Meat judging began in 1926. Pictured is M.D. Helser's team of 1929. The members are R. Held, Helser, E.H. Hall, W.I. Pepper, and C.R. Plager. Federal beef grading began that year, as well. F.J. Beard, to become a faculty member, was involved.
But the significant event in corn belt agriculture was the formation of a hybrid seed corn company called Pioneer by Henry A. Wallace (1910). The adoption was swift and by 1934 uniform fields of hybrid corn blanketed Iowa. This did not go unnoticed by animal breeders. C.W. Knox of poultry husbandry established inbred lines of chickens that served as the foundation for much subsequent poultry breeding and immunogenetics work!

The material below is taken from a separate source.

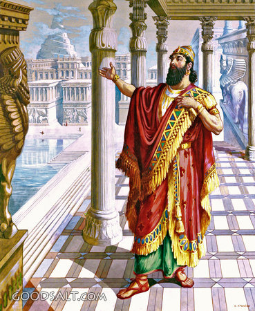 Nebuchadnezzar's Pride and Fall Daniel 4 witnessing, salvation, god, madness, interpretation, pride, tree, judgment, dream, daniel, prophecy, babylon, nebuchadnezzar, sin, discipleship, wickedness PROJECTION - License for PowerPoint™ PRINT – buy a print of this picture; optional frame Bible Hub |

The Meat Laboratory was the second one on a land-grant campus. In 1915, the department began developing plans for teaching herd barns on the northeastern corner of the campus, but World War I stopped activities. The Meat Laboratory was completed in 1918 and boasted a judging arena, meat demonstration facilities, slaughter floor, and coolers. At the time of its completion, the lab was sometimes referred to as Helser's or Pew's Cathedral because of its church-like architecture. M.D. Helser, the meats professor, was a lay preacher and attended Collegiate Presbyterian Church. The two buildings were designed by the same architect.
The Livestock Pavilion was built in 1925, and many former students, especially judging team members, remember it fondly. Until the mid 1980s, this structure was used daily for laboratory classes involving stock until it was torn down in 1996 to make way for the Kildee addition.
The departmental clubs have participated in Veishea since its inception 1922. Displays to promote the clubs and the department, food booths, and sometimes floats for the parade were done. This tradition is still very important to the Animal Science undergraduate clubs with the student clubs vying for top honors with their displays in the judging. The 1925 sweepstakes float was Dairy Husbandry.
One of the most important and far-reaching events in the department in the early 1950's was the patenting of defined levels of diethylstilbestrol (DES), a growth-promoting hormone, to feed beef cattle for improved growth and efficiency. The saga includes how Wise Burroughs found that quality clover hay contained estrogens that enhanced growth, and how he, by studying the literature on DES, determined the levels to produce the desired effects, but not the negative ones. The work with the Iowa State College Research Foundation to secure the patent, the feud with colleagues at Ames and Purdue, the announcement at Cattle Feeder's Day in 1954 that turned the feed industry upside down, the struggle to secure FDA approval, the involvement of President Hilton in the licensing done with Lilly, and the phenomenal use of Stilbosol by the feeders make a story worthy of the book about it by A.I. Marcus in 1994. The events changed the way new technology was utilized and controlled by the Food and Drug Administration. Eventually DES was banned in 1979. A portion of the proceeds from the patent built Lush Auditorium, and the use of DES enhanced the profitability of cattle feeding.
In 1959, Jay L. Lush was asked to study the genetic effects of irradiation in swine by the Atomic Energy Commission. The study was concluded in 1968. Today, the auditorium of Kildee Hall bears his name.
N.L. Jacobson used fistulated animals in his research on bloat prevention.